AIM OF THE EXERCISE
Give the entries again exactly. Skip the pictures.

ENTRIES SHOWN
┏━━

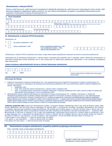 Oświadczenia o statusie FATCA Dotyczy osób fizycznych, osób fizycznych prowadzących działalność gospodarczą, osób fizycznych wykonujących wolny zawód, osób fizycznych będących wspólnikami spółek cywilnych, na rzecz których prowadzone są rejestry w produktach oferowanych przez Superfund Towarzystwo Funduszy Inwestycyjnych S.A. I. Dane Uczestnika Nazwisko Imię PESEL/Data urodzenia Seria i nr dokumentu tożsamości (Datę urodzenia podaje się w przypadku obywateli innego kraju niż Polska) Typ dokumentu tożsamości II. Oświadczenie o statusie FATCA Uczestnika Oświadczam, że: 1. Nie jestem podatnikiem USA 2. Jestem podatnikiem USA* Numer identyfikacji podatkowej w USA (Tax Identification Number – TIN): dotyczy tylko podatników USA Oświadczenie o statucie FATCA Uczestnika może złożyć w jego imieniu także przedstawiciel ustawowy lub prawnie umocowany pełnomocnik. Zobowiązuję się do aktualizacji oświadczenia w zakresie statusu Uczestnika jako podatnika USA w przypadku zmiany okoliczności powodujących, iż poprzednie oświadczenie straciło aktualność oraz w razie konieczności do dostarczenia dodatkowych dokumentów w celu weryfikacji wiarygodności tego oświadczenia. Jestem świadomy odpowiedzialności karnej za złożenie fałszywego oświadczenia. DD MM RRRR Czytelny podpis Klienta, Przedstawiciela ustawowego, Pełnomocnika Informacje dla Klienta 1. Superfund Towarzystwo Funduszy Inwestycyjnych S.A. oraz reprezentowane przez Superfund Towarzystwo Funduszy Inwestycyjnych S.A. fundusze inwestycyjne są zobowiązane do przekazania do administracji podatkowej USA (za pośrednictwem polskich organów podatkowych) danych dotyczących: • podatników USA,* • osób, które odmówiły złożenia oświadczenia w zakresie statusu podatnika USA, • osób, w przypadku których stwierdzono przesłanki świadczące o rezydencji podatkowej USA i które, pomimo prośby nie dostarczyły dokumentów potwierdzających, że nie są podatnikami USA.* 2. Administratorem danych osobowych jest Superfund Towarzystwo Funduszy Inwestycyjnych S.A. z siedzibą w Warszawie ul. Dzielna 60. Oświadczenie gromadzone jest na potrzeby realizacji obowiązków Superfund Towarzystwo Funduszy Inwestycyjnych S.A. oraz reprezentowanych przez Superfund Towarzystwo Funduszy Inwestycyjnych S.A. funduszy inwestycyjnych, dotyczących identyfikacji klientów będących podatnikami Stanów Zjednoczonych Ameryki wynikających z Ustawy z dnia 9 października 2015 r. o wykonywaniu Umowy pomiędzy Rządem Rzeczpospolitej Polskiej a Rządem Stanów Zjednoczonych Ameryki w sprawie poprawy wypełniania międzynarodowych obowiązków podatkowych oraz wdrożenia ustawodawstwa FATCA. Klient ma prawo dostępu do swoich danych, a także do ich poprawiania lub usunięcia. *Definicja podatnika USA powinna być interpretowana zgodnie z przepisami Kodeksu Podatkowego USA (z ang. Internal Revenue Code) wedle którego podatnikiem USA jest osoba fizyczna spełniająca co najmniej jeden z wymienionych warunków: 1) posiada obywatelstwo USA (również w przypadku jednoczesnego posiadania innego obywatelstwa), 2) uzyskała prawo stałego pobytu w USA przez dowolny okres w danym roku (tzw. Zielona Karta), 3) dokonała wyboru amerykańskiej rezydencji dla celów podatkowych po spełnieniu warunków przewidzianych w przepisach USA, 4) przebywała w USA przez co najmniej 31 dni w ciągu roku podatkowego i jednocześnie łączna liczba dni, w których osoba ta przebywała w USA w ciągu bieżącego roku i 2 poprzednich lat kalendarzowych wynosi co najmniej 183 dni (ustalając łączną lic zbę dni pobytu stosuje się mnożnik 1 dla liczby dni pobytu w roku bieżącym, 1/3 dla dni pobytu w roku poprzednim i 1/6 dla dni pobytu dwa lata wstecz co oznacza, że: 1 dzień pobytu w roku bieżącym = 1 dzień do łącznej liczby dni pobytu 3 dni pobytu w roku poprzednim = 1 dzień do łącznej liczby dni pobytu 6 dni pobytu dwa lata wstecz = 1 dzień do łącznej liczby dni pobytu III. Potwierdzenie przyjęcia oświadczenia (wypełnia podmiot przyjmujący oświadczenie) Imię i nazwisko osoby przyjmującej oświadczenie pieczątka i podpis osoby uprawnionej do przyjęcia oświadczenia w imieniu Superfund TFI S.A.
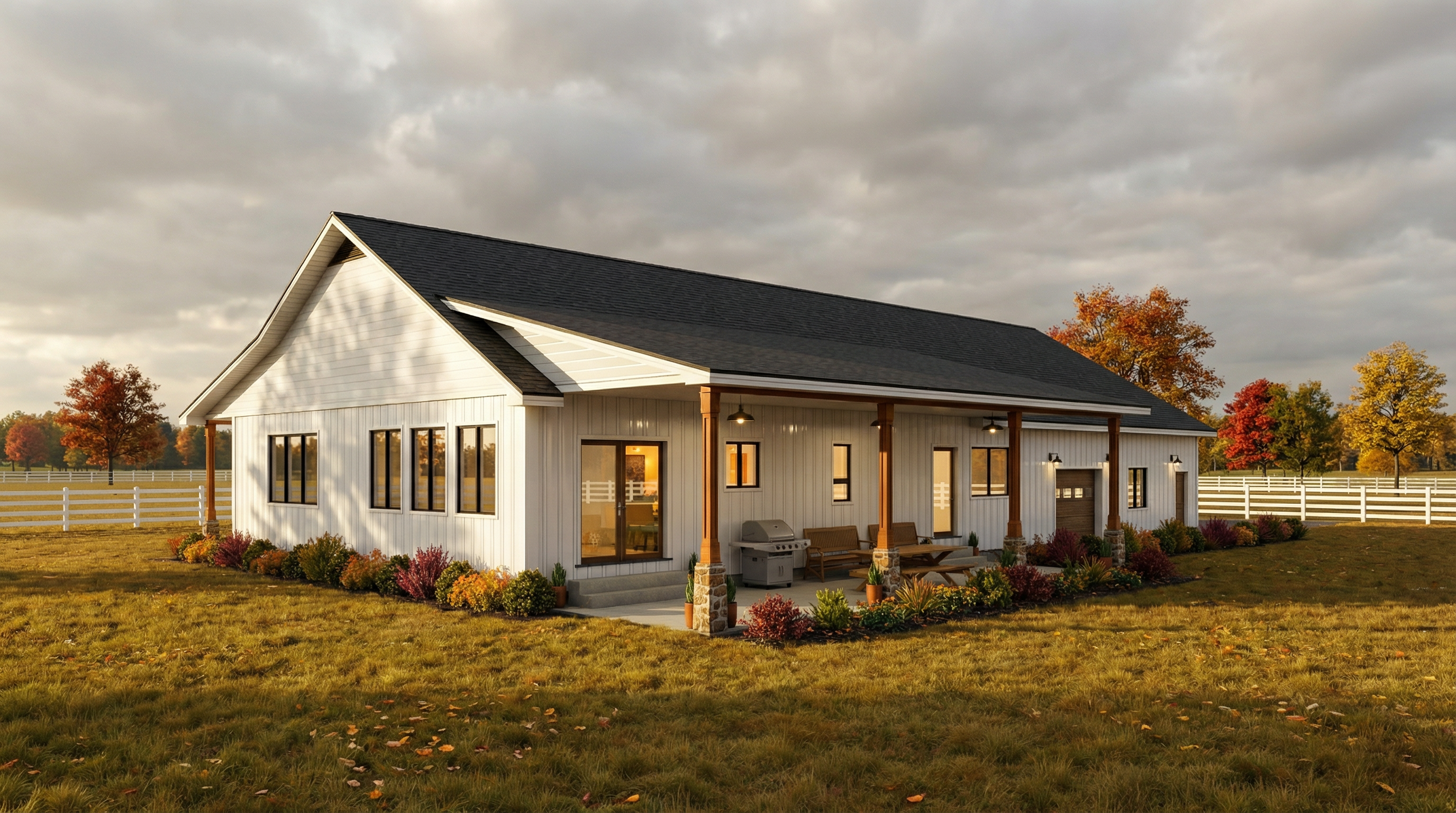 realistic gray brown siding and dark brown trim bright day light wooden fence
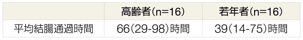 | 方法 | 朝に、ラベルマーカーを含む1600kJのリキッドおよび固形食(80gのパン、120gのオムレツ、200gの水)を10分で摂取後、ラベルマーカーが小腸から検出されなくなるまで、30分間隔でガンマカメラにて確認した。翌日からは、24時間毎にラベルマーカーが結腸から排出するまでガンマカメラで確認し、結腸通過時間を測定した。なお、水に111In-DTPAを加え、99mTcはオムレツに加え、ラベルマーカーとした。 |
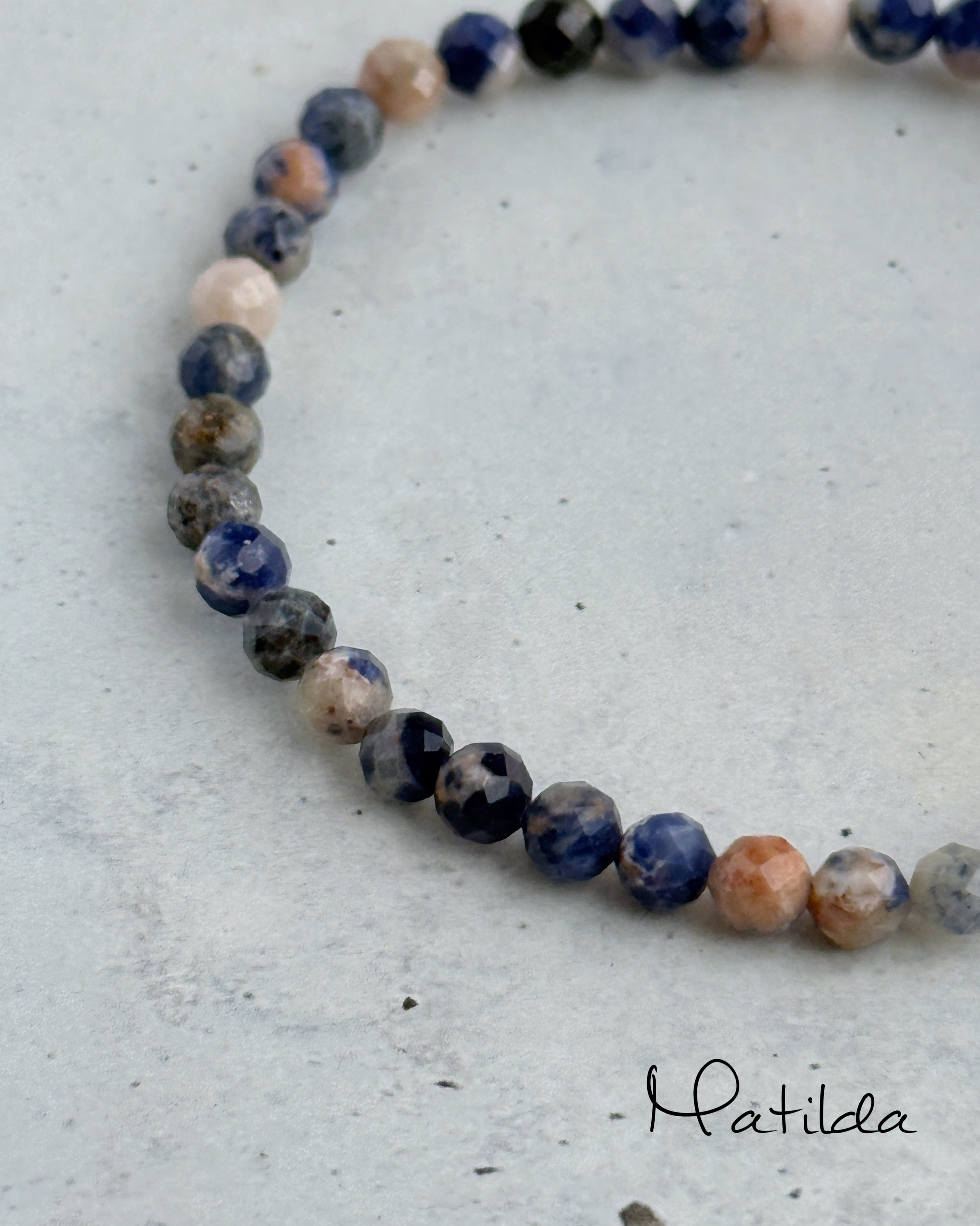 ゼオライトのオレンジが映えるソーダライトにゴールドカラーの真鍮ビーズを合わせて。
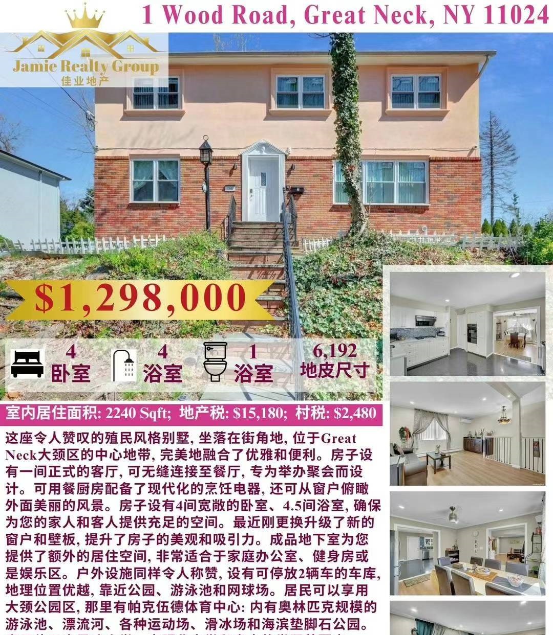 位于大颈村的殖民地风格住宅,拥有6192平方英尺的占地面积,建于1959年,年地税$17,660,室内使用面积为2240平方英尺。这处房产地理位置极佳,紧邻各种生活设施。室内光线充足,共三层,铺设精美木地板,包含一间正式客厅、餐厅、厨房、4个宽敞的卧室以及4.5个浴室。6个停车位,其地理位置无比优越,近邻公园、游泳池和网球场。居民还能享受大颈公园区提供的各项设施,如帕克伍德体育综合设施,该设施配备了奥林匹克级别的游泳池,各类体育场、冰上滑冰场以及海滨阶石公园。此外,该住宅还归属于JFK小学、大颈北中学和高中学区,为孩子提供优质教育资源
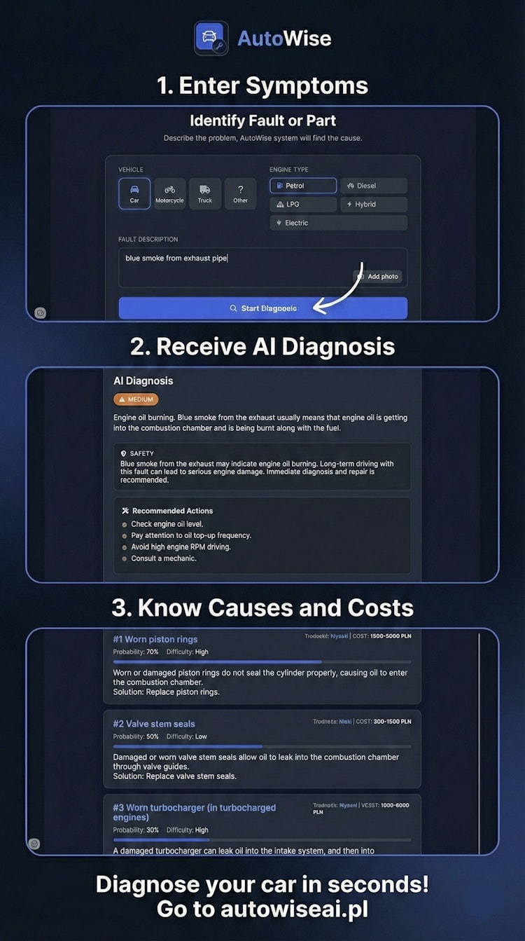 AutoWiseAI helps you diagnose car problems by symptoms, estimates repair costs, and advises on safety severity. Perfect for non-experts who want to avoid mechanic rip-offs. Includes a bonus tuning guide for enthusiasts.
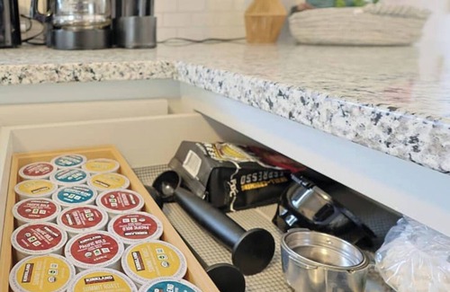 Coffee-making options include drip coffee, K-cups, and a cappuccino machine.
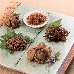 一品ごとに選び抜かれた原料を使用し、旨みを追求した贅沢な珍一品ごとに選び抜かれた原料を使用し、旨みを追求した贅沢な珍味。見た目の美しさはもちろん、食べきりサイズの小瓶が2種類。お味。見た目の美しさはもちろん、食べきりサイズの小瓶が2種類。お酒の肴やご飯のお供としてもお楽しみいただけます。酒の肴やご飯のお供としてもお楽しみいただけます。
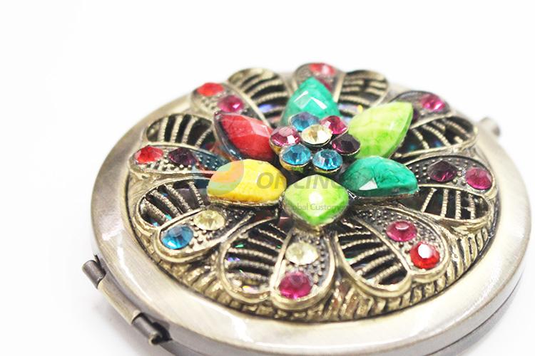 Exquisite Bronze with Colorful Rhinestone Pocket Cosmetic Mirror
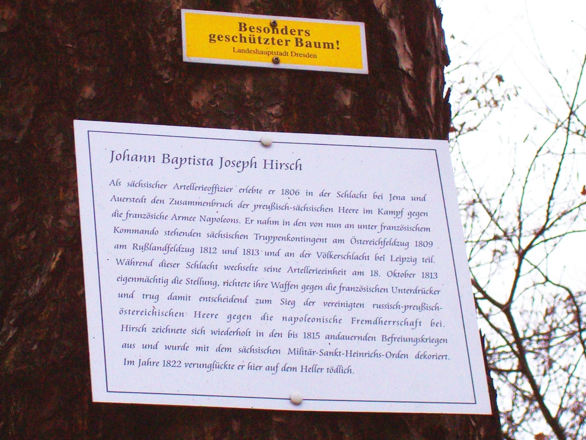 Dort war am 7. Oktober 1822 Johann Baptista Joseph Hirsch, königlich- sächsischer Hauptmann des Artillerie-Corps, zuletzt Kommandeur der 1. Reitenden Batterie, im Alter von fünfundvierzig Jahren von einem scheuenden Pferd gestürzt und zu Tode gekommen. Er wurde am 10. Oktober auf dem Inneren Neustädter Friedhof begraben. Ein Jahr später setzten ihm seine Kameraden das Denkmal. Die Inschrift, heute kaum bzw. nicht mehr lesbar, lautet:
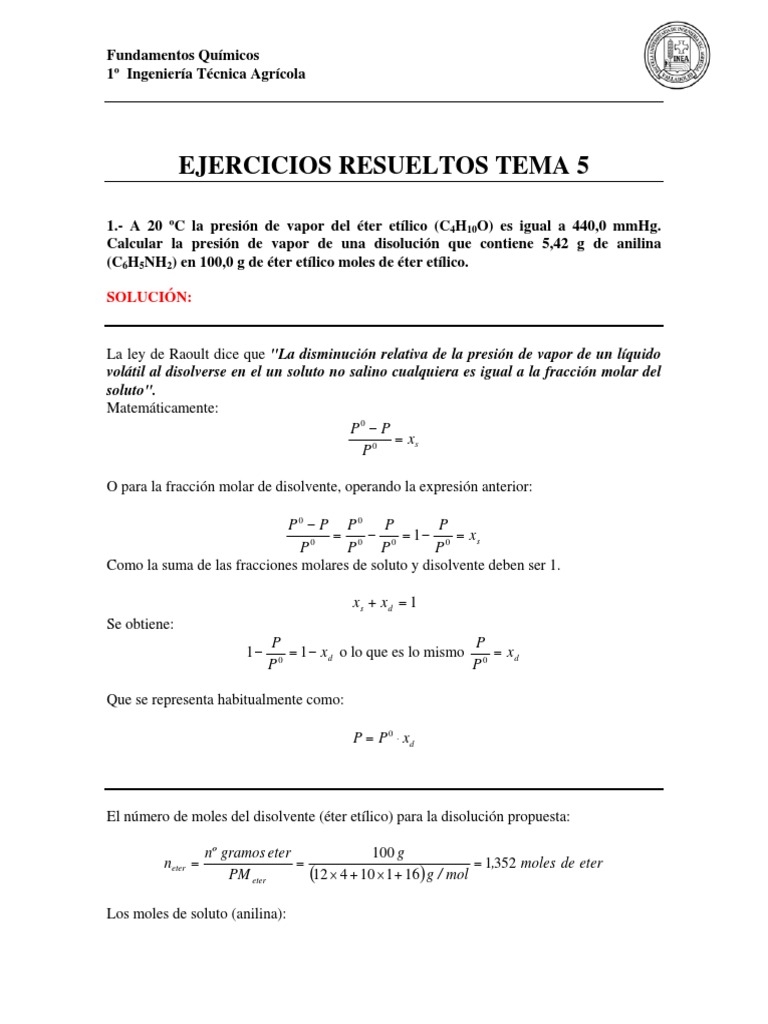 disolvente puro, en este caso el agua (17,535 Torr = mmHg). En el enunciado se nos indica

┗━━

RESPONSE TO THIS EXERCISE
 Oświadczenia o statusie FATCA Dotyczy osób fizycznych, osób fizycznych prowadzących działalność gospodarczą, osób fizycznych wykonujących wolny zawód, osób fizycznych będących wspólnikami spółek cywilnych, na rzecz których prowadzone są rejestry w produktach oferowanych przez Superfund Towarzystwo Funduszy Inwestycyjnych S.A. I. Dane Uczestnika Nazwisko Imię PESEL/Data urodzenia Seria i nr dokumentu tożsamości (Datę urodzenia podaje się w przypadku obywateli innego kraju niż Polska) Typ dokumentu tożsamości II. Oświadczenie o statusie FATCA Uczestnika Oświadczam, że: 1. Nie jestem podatnikiem USA 2. Jestem podatnikiem USA* Numer identyfikacji podatkowej w USA (Tax Identification Number – TIN): dotyczy tylko podatników USA Oświadczenie o statucie FATCA Uczestnika może złożyć w jego imieniu także przedstawiciel ustawowy lub prawnie umocowany pełnomocnik. Zobowiązuję się do aktualizacji oświadczenia w zakresie statusu Uczestnika jako podatnika USA w przypadku zmiany okoliczności powodujących, iż poprzednie oświadczenie straciło aktualność oraz w razie konieczności do dostarczenia dodatkowych dokumentów w celu weryfikacji wiarygodności tego oświadczenia. Jestem świadomy odpowiedzialności karnej za złożenie fałszywego oświadczenia. DD MM RRRR Czytelny podpis Klienta, Przedstawiciela ustawowego, Pełnomocnika Informacje dla Klienta 1. Superfund Towarzystwo Funduszy Inwestycyjnych S.A. oraz reprezentowane przez Superfund Towarzystwo Funduszy Inwestycyjnych S.A. fundusze inwestycyjne są zobowiązane do przekazania do administracji podatkowej USA (za pośrednictwem polskich organów podatkowych) danych dotyczących: • podatników USA,* • osób, które odmówiły złożenia oświadczenia w zakresie statusu podatnika USA, • osób, w przypadku których stwierdzono przesłanki świadczące o rezydencji podatkowej USA i które, pomimo prośby nie dostarczyły dokumentów potwierdzających, że nie są podatnikami USA.* 2. Administratorem danych osobowych jest Superfund Towarzystwo Funduszy Inwestycyjnych S.A. z siedzibą w Warszawie ul. Dzielna 60. Oświadczenie gromadzone jest na potrzeby realizacji obowiązków Superfund Towarzystwo Funduszy Inwestycyjnych S.A. oraz reprezentowanych przez Superfund Towarzystwo Funduszy Inwestycyjnych S.A. funduszy inwestycyjnych, dotyczących identyfikacji klientów będących podatnikami Stanów Zjednoczonych Ameryki wynikających z Ustawy z dnia 9 października 2015 r. o wykonywaniu Umowy pomiędzy Rządem Rzeczpospolitej Polskiej a Rządem Stanów Zjednoczonych Ameryki w sprawie poprawy wypełniania międzynarodowych obowiązków podatkowych oraz wdrożenia ustawodawstwa FATCA. Klient ma prawo dostępu do swoich danych, a także do ich poprawiania lub usunięcia. *Definicja podatnika USA powinna być interpretowana zgodnie z przepisami Kodeksu Podatkowego USA (z ang. Internal Revenue Code) wedle którego podatnikiem USA jest osoba fizyczna spełniająca co najmniej jeden z wymienionych warunków: 1) posiada obywatelstwo USA (również w przypadku jednoczesnego posiadania innego obywatelstwa), 2) uzyskała prawo stałego pobytu w USA przez dowolny okres w danym roku (tzw. Zielona Karta), 3) dokonała wyboru amerykańskiej rezydencji dla celów podatkowych po spełnieniu warunków przewidzianych w przepisach USA, 4) przebywała w USA przez co najmniej 31 dni w ciągu roku podatkowego i jednocześnie łączna liczba dni, w których osoba ta przebywała w USA w ciągu bieżącego roku i 2 poprzednich lat kalendarzowych wynosi co najmniej 183 dni (ustalając łączną lic zbę dni pobytu stosuje się mnożnik 1 dla liczby dni pobytu w roku bieżącym, 1/3 dla dni pobytu w roku poprzednim i 1/6 dla dni pobytu dwa lata wstecz co oznacza, że: 1 dzień pobytu w roku bieżącym = 1 dzień do łącznej liczby dni pobytu 3 dni pobytu w roku poprzednim = 1 dzień do łącznej liczby dni pobytu 6 dni pobytu dwa lata wstecz = 1 dzień do łącznej liczby dni pobytu III. Potwierdzenie przyjęcia oświadczenia (wypełnia podmiot przyjmujący oświadczenie) Imię i nazwisko osoby przyjmującej oświadczenie pieczątka i podpis osoby uprawnionej do przyjęcia oświadczenia w imieniu Superfund TFI S.A.
 realistic gray brown siding and dark brown trim bright day light wooden fence
 | 方法 | 朝に、ラベルマーカーを含む1600kJのリキッドおよび固形食(80gのパン、120gのオムレツ、200gの水)を10分で摂取後、ラベルマーカーが小腸から検出されなくなるまで、30分間隔でガンマカメラにて確認した。翌日からは、24時間毎にラベルマーカーが結腸から排出するまでガンマカメラで確認し、結腸通過時間を測定した。なお、水に111In-DTPAを加え、99mTcはオムレツに加え、ラベルマーカーとした。 |
 ゼオライトのオレンジが映えるソーダライトにゴールドカラーの真鍮ビーズを合わせて。
 位于大颈村的殖民地风格住宅,拥有6192平方英尺的占地面积,建于1959年,年地税$17,660,室内使用面积为2240平方英尺。这处房产地理位置极佳,紧邻各种生活设施。室内光线充足,共三层,铺设精美木地板,包含一间正式客厅、餐厅、厨房、4个宽敞的卧室以及4.5个浴室。6个停车位,其地理位置无比优越,近邻公园、游泳池和网球场。居民还能享受大颈公园区提供的各项设施,如帕克伍德体育综合设施,该设施配备了奥林匹克级别的游泳池,各类体育场、冰上滑冰场以及海滨阶石公园。此外,该住宅还归属于JFK小学、大颈北中学和高中学区,为孩子提供优质教育资源
 AutoWiseAI helps you diagnose car problems by symptoms, estimates repair costs, and advises on safety severity. Perfect for non-experts who want to avoid mechanic rip-offs. Includes a bonus tuning guide for enthusiasts.
 Coffee-making options include drip coffee, K-cups, and a cappuccino machine.
 一品ごとに選び抜かれた原料を使用し、旨みを追求した贅沢な珍一品ごとに選び抜かれた原料を使用し、旨みを追求した贅沢な珍味。見た目の美しさはもちろん、食べきりサイズの小瓶が2種類。お味。見た目の美しさはもちろん、食べきりサイズの小瓶が2種類。お酒の肴やご飯のお供としてもお楽しみいただけます。酒の肴やご飯のお供としてもお楽しみいただけます。
 Exquisite Bronze with Colorful Rhinestone Pocket Cosmetic Mirror
 Dort war am 7. Oktober 1822 Johann Baptista Joseph Hirsch, königlich- sächsischer Hauptmann des Artillerie-Corps, zuletzt Kommandeur der 1. Reitenden Batterie, im Alter von fünfundvierzig Jahren von einem scheuenden Pferd gestürzt und zu Tode gekommen. Er wurde am 10. Oktober auf dem Inneren Neustädter Friedhof begraben. Ein Jahr später setzten ihm seine Kameraden das Denkmal. Die Inschrift, heute kaum bzw. nicht mehr lesbar, lautet:
 disolvente puro, en este caso el agua (17,535 Torr = mmHg). En el enunciado se nos indica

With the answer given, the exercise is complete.